Task requirements: Using the data that follows, return exactly the lines from the one that contains "El juego incluye: 1" through the one that contains "19 พ.ค. 66 การประชุมผู้บริหารสถานศึกษา", ends included.

Available data:
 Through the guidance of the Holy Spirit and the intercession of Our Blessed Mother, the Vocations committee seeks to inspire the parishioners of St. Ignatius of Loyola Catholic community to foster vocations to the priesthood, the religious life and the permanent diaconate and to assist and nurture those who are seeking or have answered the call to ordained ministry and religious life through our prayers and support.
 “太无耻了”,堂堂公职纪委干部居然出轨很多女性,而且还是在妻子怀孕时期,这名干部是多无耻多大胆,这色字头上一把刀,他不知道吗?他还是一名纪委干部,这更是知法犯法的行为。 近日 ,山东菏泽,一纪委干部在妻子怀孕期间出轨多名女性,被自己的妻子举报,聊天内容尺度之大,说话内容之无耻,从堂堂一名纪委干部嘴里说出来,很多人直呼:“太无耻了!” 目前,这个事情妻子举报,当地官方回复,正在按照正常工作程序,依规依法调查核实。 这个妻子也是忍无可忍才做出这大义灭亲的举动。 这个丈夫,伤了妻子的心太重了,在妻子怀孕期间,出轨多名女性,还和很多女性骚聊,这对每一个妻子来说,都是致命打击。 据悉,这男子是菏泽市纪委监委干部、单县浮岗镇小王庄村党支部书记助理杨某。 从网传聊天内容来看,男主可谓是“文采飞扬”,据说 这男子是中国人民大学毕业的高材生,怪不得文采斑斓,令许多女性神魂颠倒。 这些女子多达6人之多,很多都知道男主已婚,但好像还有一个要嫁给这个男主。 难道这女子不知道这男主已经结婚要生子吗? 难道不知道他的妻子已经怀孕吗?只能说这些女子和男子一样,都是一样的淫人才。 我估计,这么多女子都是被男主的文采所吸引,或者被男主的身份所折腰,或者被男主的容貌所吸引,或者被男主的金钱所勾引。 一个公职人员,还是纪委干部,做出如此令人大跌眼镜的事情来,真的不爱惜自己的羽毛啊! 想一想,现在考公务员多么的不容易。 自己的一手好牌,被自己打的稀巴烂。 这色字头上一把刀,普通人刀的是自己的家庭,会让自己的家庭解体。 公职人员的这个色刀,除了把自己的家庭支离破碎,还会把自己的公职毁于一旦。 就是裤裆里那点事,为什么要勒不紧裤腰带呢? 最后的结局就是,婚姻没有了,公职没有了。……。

---

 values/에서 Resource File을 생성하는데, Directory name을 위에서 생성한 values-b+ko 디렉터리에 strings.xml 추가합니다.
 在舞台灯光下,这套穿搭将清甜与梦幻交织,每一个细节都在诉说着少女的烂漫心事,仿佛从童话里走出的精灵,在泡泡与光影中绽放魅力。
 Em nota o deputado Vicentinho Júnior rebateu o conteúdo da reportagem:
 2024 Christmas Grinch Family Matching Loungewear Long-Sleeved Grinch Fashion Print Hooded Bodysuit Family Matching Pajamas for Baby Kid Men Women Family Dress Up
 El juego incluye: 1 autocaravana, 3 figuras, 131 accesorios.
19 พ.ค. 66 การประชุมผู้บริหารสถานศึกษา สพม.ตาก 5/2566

Output for this exercise:
 El juego incluye: 1 autocaravana, 3 figuras, 131 accesorios.
19 พ.ค. 66 การประชุมผู้บริหารสถานศึกษา สพม.ตาก 5/2566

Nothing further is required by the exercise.